Stored dataset items:
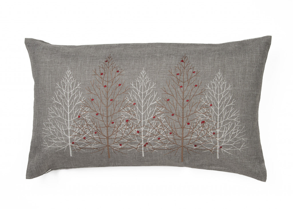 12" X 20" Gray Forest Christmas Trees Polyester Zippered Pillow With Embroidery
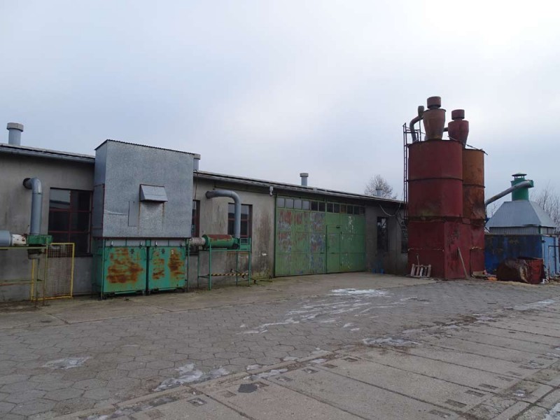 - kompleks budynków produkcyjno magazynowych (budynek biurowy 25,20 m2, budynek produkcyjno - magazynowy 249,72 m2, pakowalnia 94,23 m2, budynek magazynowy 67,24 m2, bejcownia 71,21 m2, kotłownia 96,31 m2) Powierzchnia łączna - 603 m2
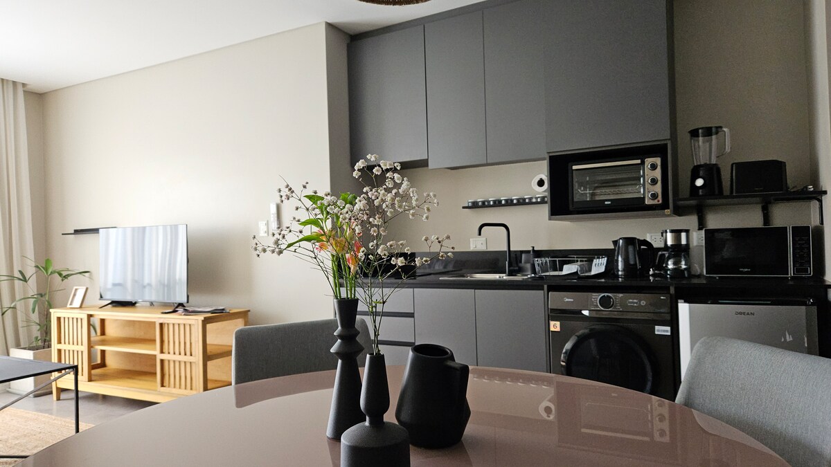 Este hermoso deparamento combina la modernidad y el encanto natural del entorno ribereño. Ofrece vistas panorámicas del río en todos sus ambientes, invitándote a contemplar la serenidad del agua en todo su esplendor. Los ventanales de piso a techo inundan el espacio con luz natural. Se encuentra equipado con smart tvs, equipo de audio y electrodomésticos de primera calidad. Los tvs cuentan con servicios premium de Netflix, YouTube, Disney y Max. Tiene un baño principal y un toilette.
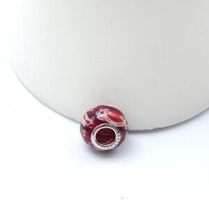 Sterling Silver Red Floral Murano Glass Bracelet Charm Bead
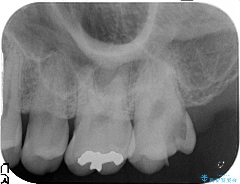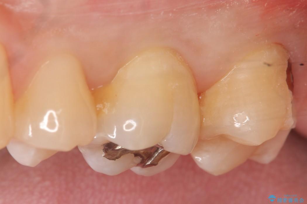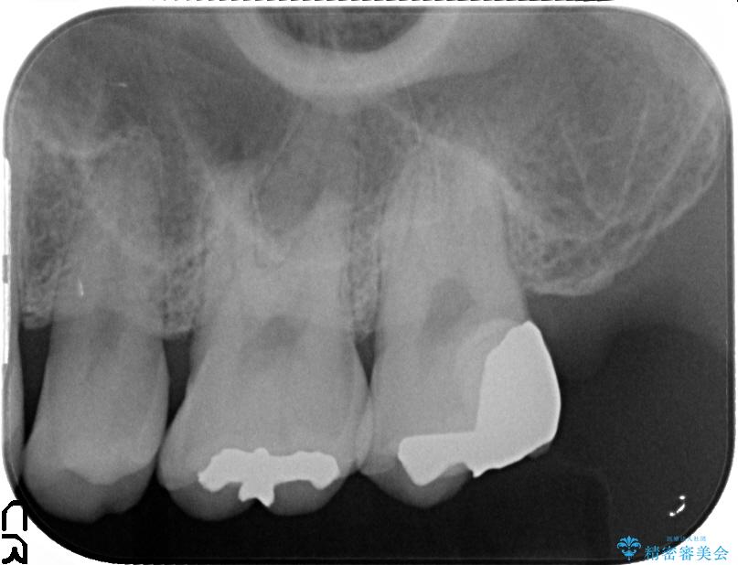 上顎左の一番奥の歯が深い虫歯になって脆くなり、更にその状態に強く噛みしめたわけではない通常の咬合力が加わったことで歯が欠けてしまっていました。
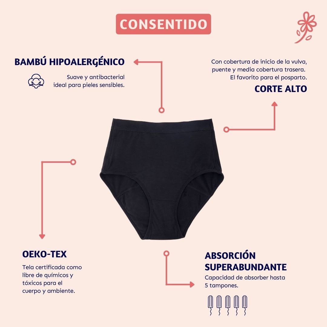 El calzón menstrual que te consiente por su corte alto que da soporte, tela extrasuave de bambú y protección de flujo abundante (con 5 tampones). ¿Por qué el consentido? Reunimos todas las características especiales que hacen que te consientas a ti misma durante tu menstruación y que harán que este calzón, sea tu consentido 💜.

[TASK OBJECTIVE]: In the data above, the line containing "Este hermoso deparamento" and all lines after it are to be reproduced exactly, leaving out the pictures.

[REPLY TO THE EXERCISE]:
 Este hermoso deparamento combina la modernidad y el encanto natural del entorno ribereño. Ofrece vistas panorámicas del río en todos sus ambientes, invitándote a contemplar la serenidad del agua en todo su esplendor. Los ventanales de piso a techo inundan el espacio con luz natural. Se encuentra equipado con smart tvs, equipo de audio y electrodomésticos de primera calidad. Los tvs cuentan con servicios premium de Netflix, YouTube, Disney y Max. Tiene un baño principal y un toilette.
 Sterling Silver Red Floral Murano Glass Bracelet Charm Bead
 上顎左の一番奥の歯が深い虫歯になって脆くなり、更にその状態に強く噛みしめたわけではない通常の咬合力が加わったことで歯が欠けてしまっていました。
 El calzón menstrual que te consiente por su corte alto que da soporte, tela extrasuave de bambú y protección de flujo abundante (con 5 tampones). ¿Por qué el consentido? Reunimos todas las características especiales que hacen que te consientas a ti misma durante tu menstruación y que harán que este calzón, sea tu consentido 💜.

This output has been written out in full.